Overview
Following observations of Launchpool behavior, Chaos Labs recommends a refinement to Venus’s BNB Core pool BNB IR curve.
Motivation
We continue to observe changing dynamics in the Launchpool market. The most significant of these is the decreasing value of Launchpool rewards. By tracking the exchange rate of asBNB, we are able to infer the value of these events, finding that they have decreased significantly since January.
Additionally, the existence of assets like asBNB and clisBNB makes accessing Launchpool rewards easier than ever, not requiring users to lock up funds on Binance.
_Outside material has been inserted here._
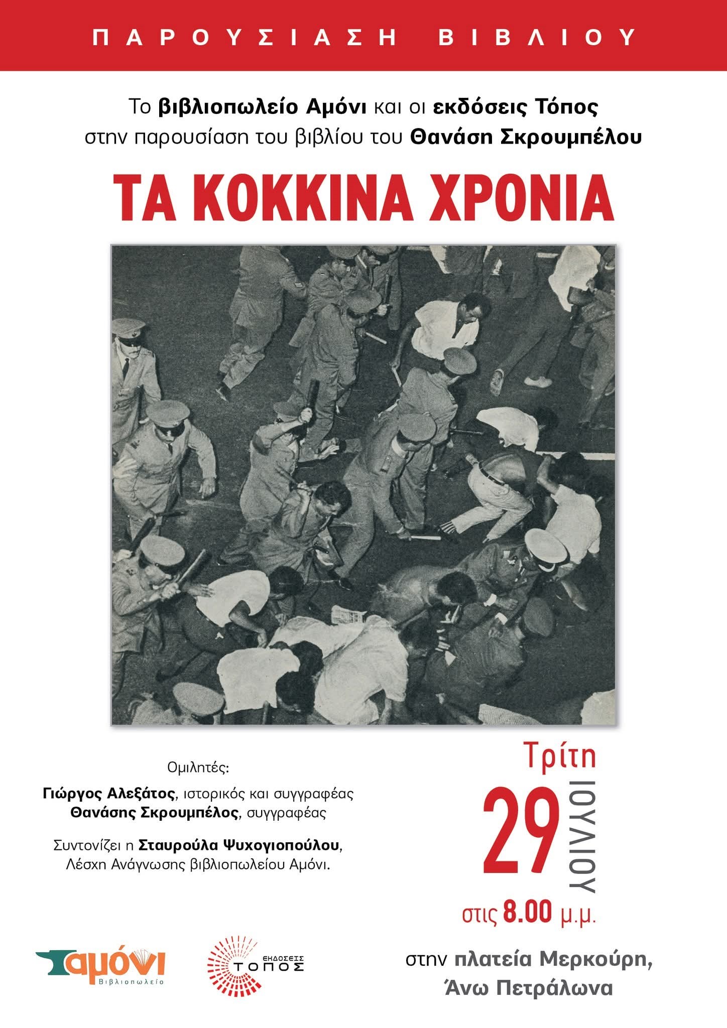 ::. Τρίτη 29/07 Πετράλωνα: "Τα κόκκινα χρόνια" παρουσίαση του νέου βιβλίου του Θανάση Σκρουμπέλου (24-07-2025 10:43)

Instead, they are able to hold the tokens and accrue rewards automatically.
Finally, as previously discussed, the entrance of Lista DAO has reshaped the market, creating an influx of borrowable BNB. As of this writing, their target borrow rate is 0.91% at 90% utilization and 3.75% at 100% utilization. There is a total supply of 358K BNB, or about $230M, that is subject to this IR. This continues to be a significant underpricing of BNB debt, creating a situation in which there is more cheap BNB that can be borrowed on BNB Chain than there is demand. This has been manifest on Venus, where a recent decrease in the IR curve led to significantly lower borrow rates while driving an in increase in 400-450K BNB borrowed to 600K BNB borrowed, despite the borrow rate reaching a max of under 1.1%.
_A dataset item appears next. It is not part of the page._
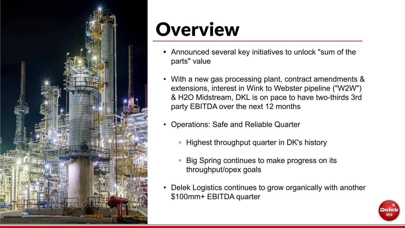 “We are excited about the significant progress we have made on our 'Sum of the Parts' efforts,” said Avigal Soreq, President and Chief Executive Officer of Delek US. “We concluded the strategic review of our retail assets. Following the review, we have announced the sale of our retail business to FEMSA. Delek US & Delek Logistics executed on 'win-win' contract amendments and extensions as well as drop-down of our interest in the Wink to Webster pipeline. A combination of our retail sale, drop-down of our interest in the Wink to Webster pipeline, and amendments & extensions of contracts between DK & DKL will allow for a cash infusion of over $500mm in DK with little to no loss in standalone DK EBITDA. At the same time, a combination of contract extensions, acquisition of Wink to Webster interest, new processing plant and acquisition of H2O Midstream will enable DKL to continue to have among the best combination of cash flow growth and distributions amongst its peers.”

This indicates that the market has a glut of BNB supply, as well as a notional limit in the amount of BNB that will be borrowed, regardless of borrow rate. Thus, further reductions to the IR curve would not be productive. Instead, we recommend optimizing the parameters around the currently observed equilibrium, in which utilization reached a maximum of 63%.
Recommendation
Our recommendation is to:
- Lower Kink 1 to 65%: this aligns with the max utilization during the last Launchpool.
- Slightly increase Multiplier 1: Increasing Multiplier 1 still ensures that the borrow rate at Kink 1 is lower than the borrow rate at full utilization on Lista. It will provide a boost to supplier yield.
- Lower Kink 2 to 80%: Given potentially increasing speculation in the market, this increases the buffer between Kink 2 and 100% utilization.
- Lower Multiplier 2 to 1.4: This makes the slope between Kink 1 and 2 less aggressive, improving the borrower experience should the market exceed Kink 1.
The combined effects of these changes is displayed below.
The target rate at the new Kink 1 would be 2.925%, just 0.65 pp higher than the current rate of 2.275% at 65% utilization.
Specification
Parameter | Current | Recommended |
---|---|---|
Kink 1 | 0.8 | 0.65 |
Base Rate 1 | 0 | 0 |
Multiplier 1 | 0.035 | 0.045 |
Kink 2 | 0.9 | 0.8 |
Base Rate 2 | 0.0 | 0 |
Multiplier 2 | 1.75 | 1.4 |
JumpMultiplier | 3.0 | 3.0 |
Reserve Factor | 10% | 10% |
Disclaimer
Chaos Labs has not been compensated by any third party for publishing this recommendation.